Same here, Datun. When I first encountered a transwoman I felt nothing but sympathy. It was only when aggressive transactivists started doing things and making claims that harm women and children that I started to rethink. I explored a bit and came across the cotton ceiling. That was what made me hit peak trans - that moment when you can't go along with the agenda one step more.
Since then, the more I've discovered the more toxic the transactivists appear.

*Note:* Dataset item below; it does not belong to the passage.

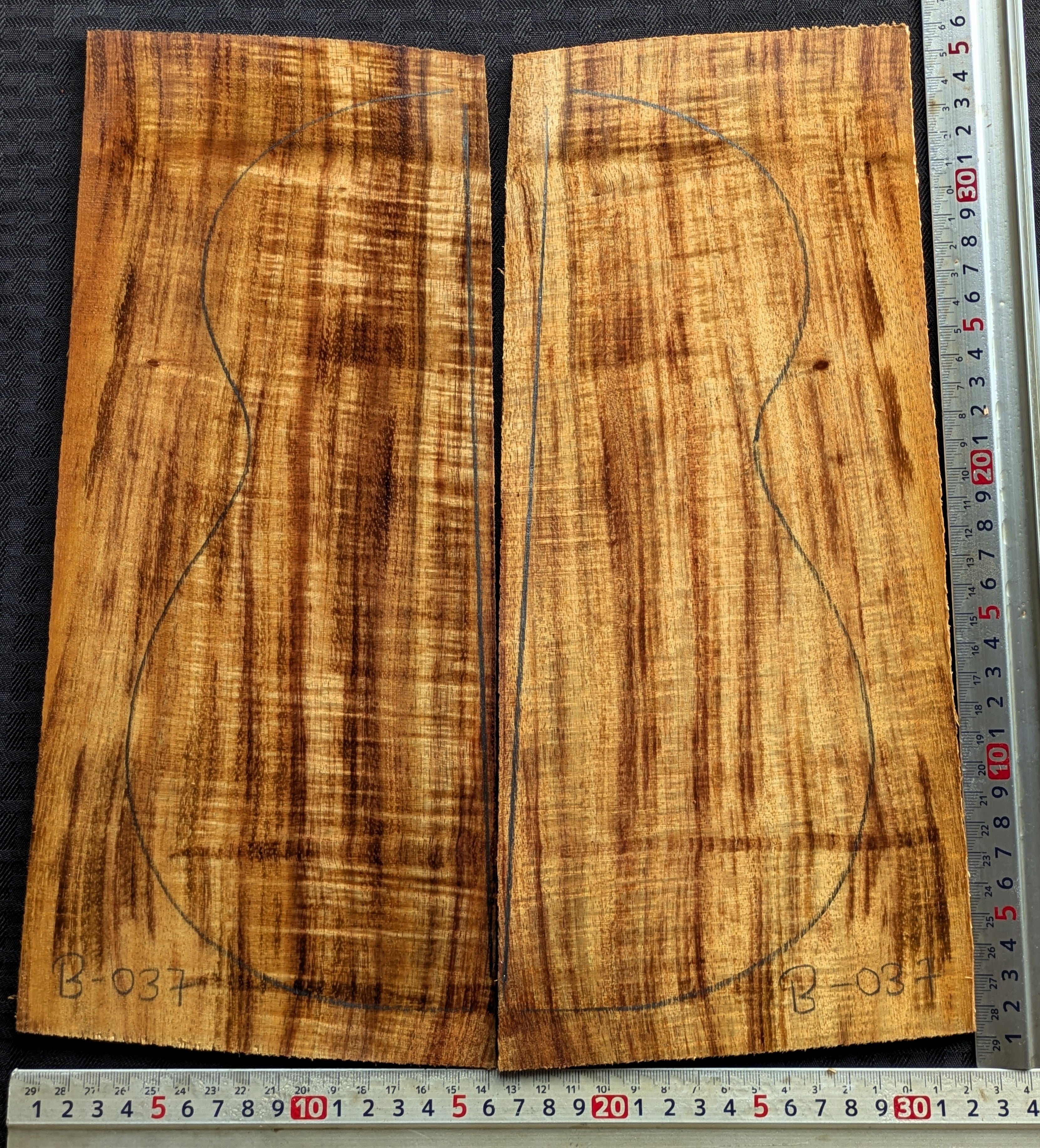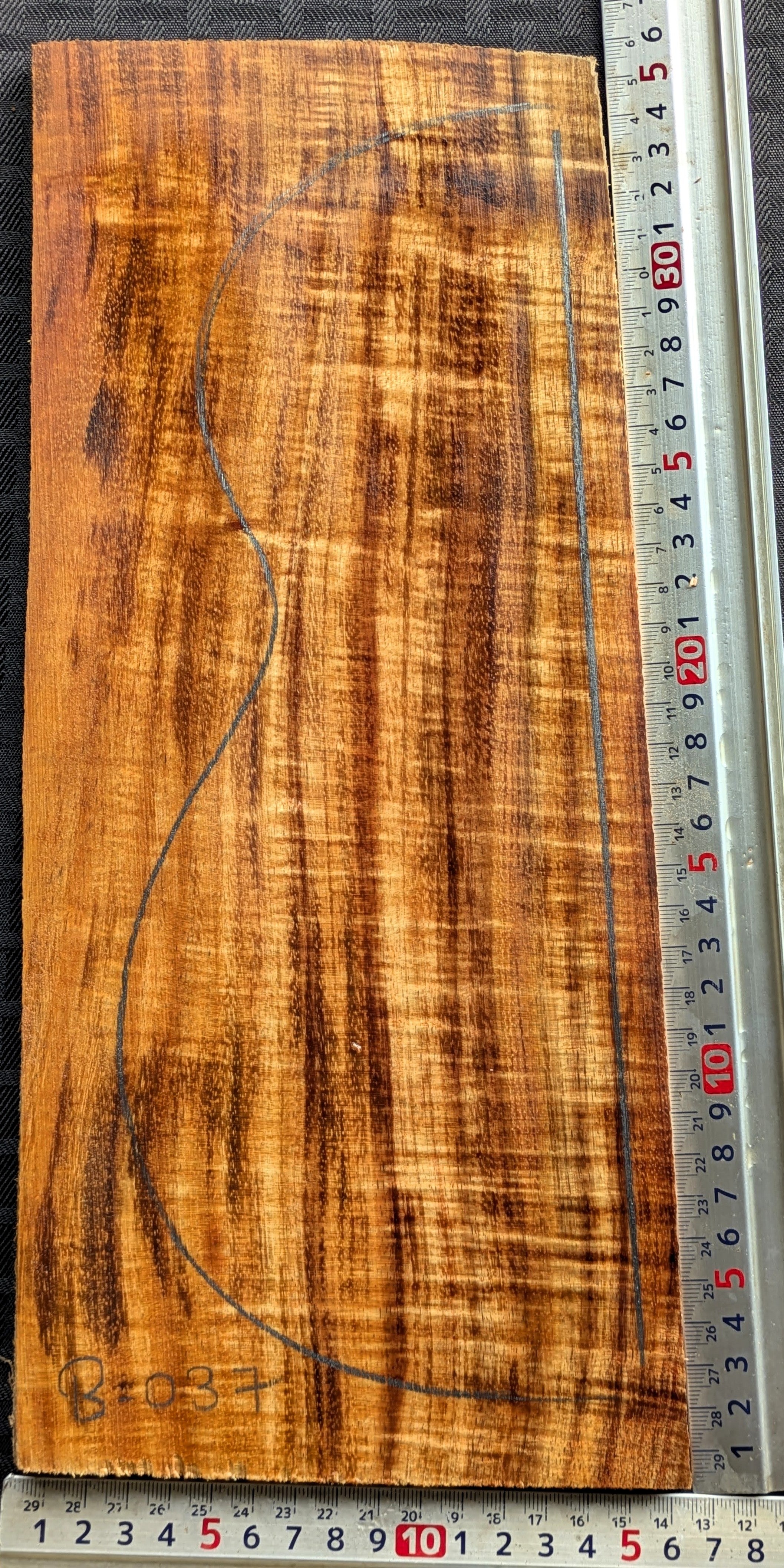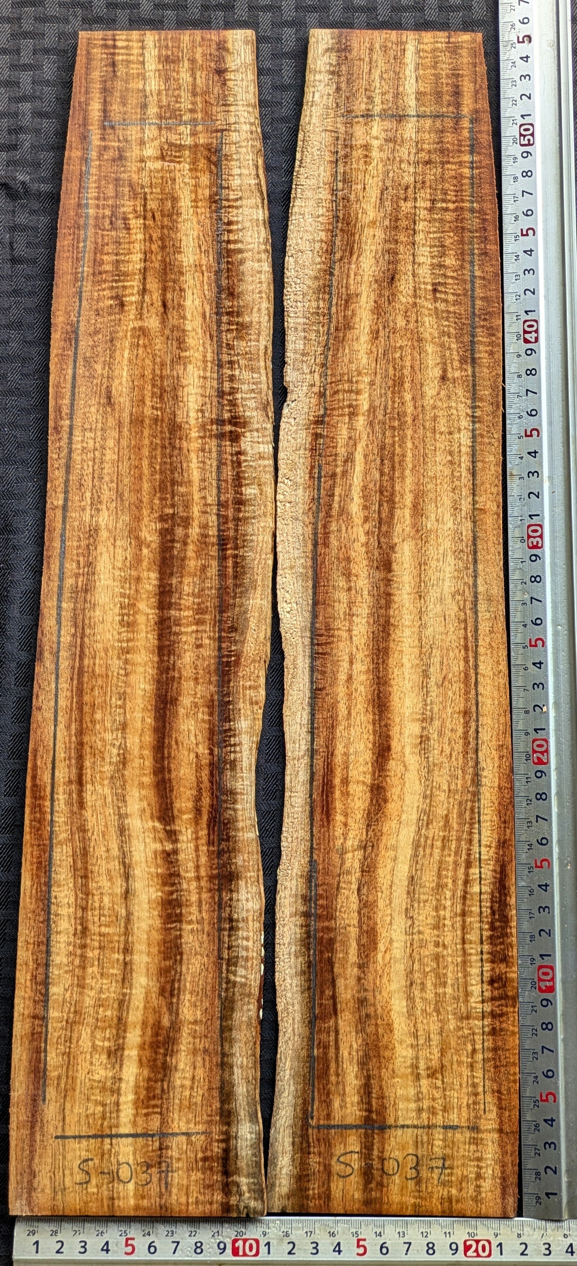 ハワイアンコア 3A+ カーリー ウクレレ材 #037 テナーサイズ : トップ・バック & サイド Hawaiian Koa Tenor Set
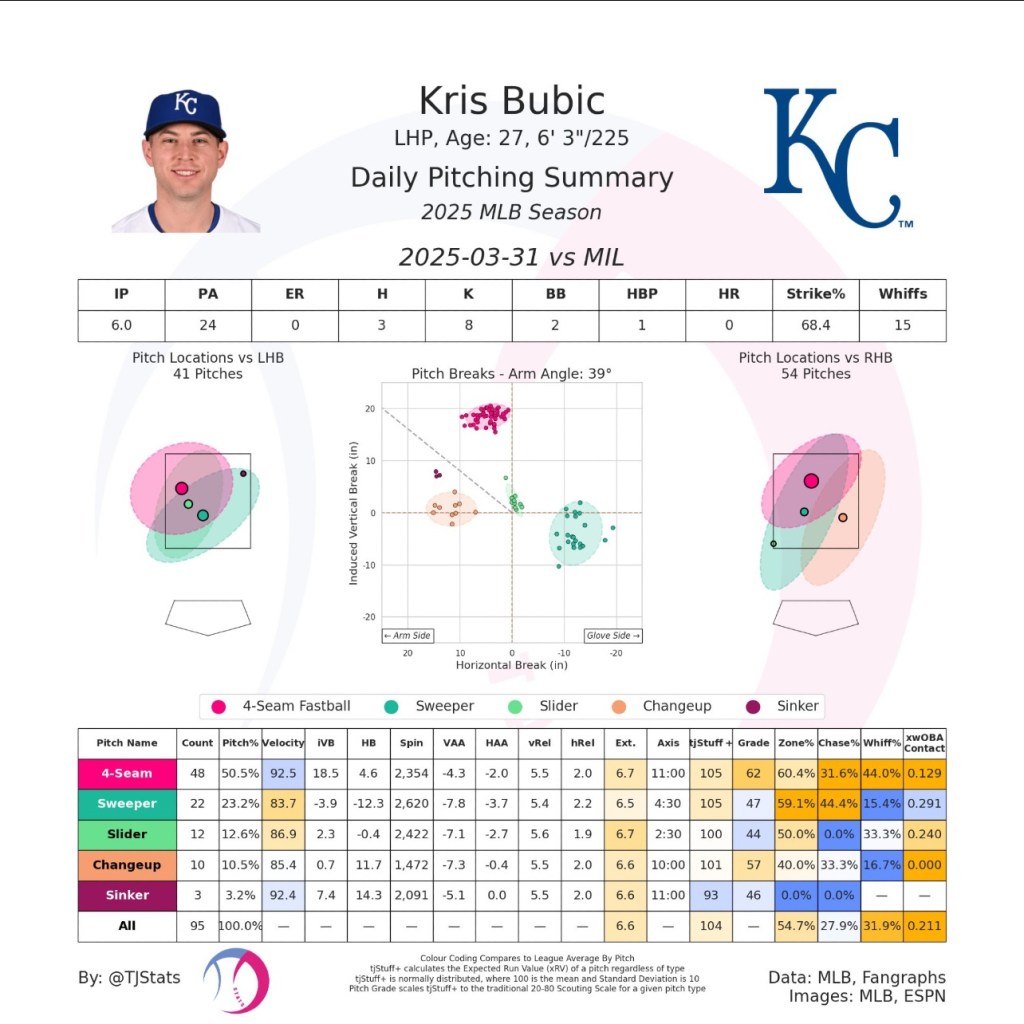 This is a great development for Bubic, who could really make a difference for this Royals rotation. The Royals’ front line starters have got off to cold starts. Having a pitcher like Bubic at the end of your rotation is a luxury. He’s never been a high strikeout guy, but he might be now. His fastball velocity is at its peak right now. He’s using his changeup less but added velocity to it (28% usage-80.7 mph in 2022; 17% usage 85.2 mph in 2024). He also scrapped his Curveball for a Sweeper and it was his second-most used pitch on Monday.

I suspect - hope - that It's the scandal of child transition that will first start a rethink. However, judging by another thread about transwomen competing against women in sports, there's already a pushback from coaches, athletes and fans. Everyone can see that men competing against women - and, inevitably, beating them - is unfair. Girls in countries which have scholarships linked to sporting excellence are being cheated out what may be their only chance at university. International women's events are being won by transwomen and people aren't just lying down. They're angry.
So there are various fronts on which people are starting to push back. The trouble is that, once the facts get out sport, about child transition, it's likely to erode the sympathy most well meaning people currently feel towards trans people, and people like OP's ex will suffer.
And once they're exposed to what the trans agenda really is, people aren't happy. We see it on MN often. Posters who have gone along with the idea that trans people are a sort of super gay hear some arguments, read some links, and suddenly understand why we're worried.
Our allies are facts, logic and the words and acts of transactivists.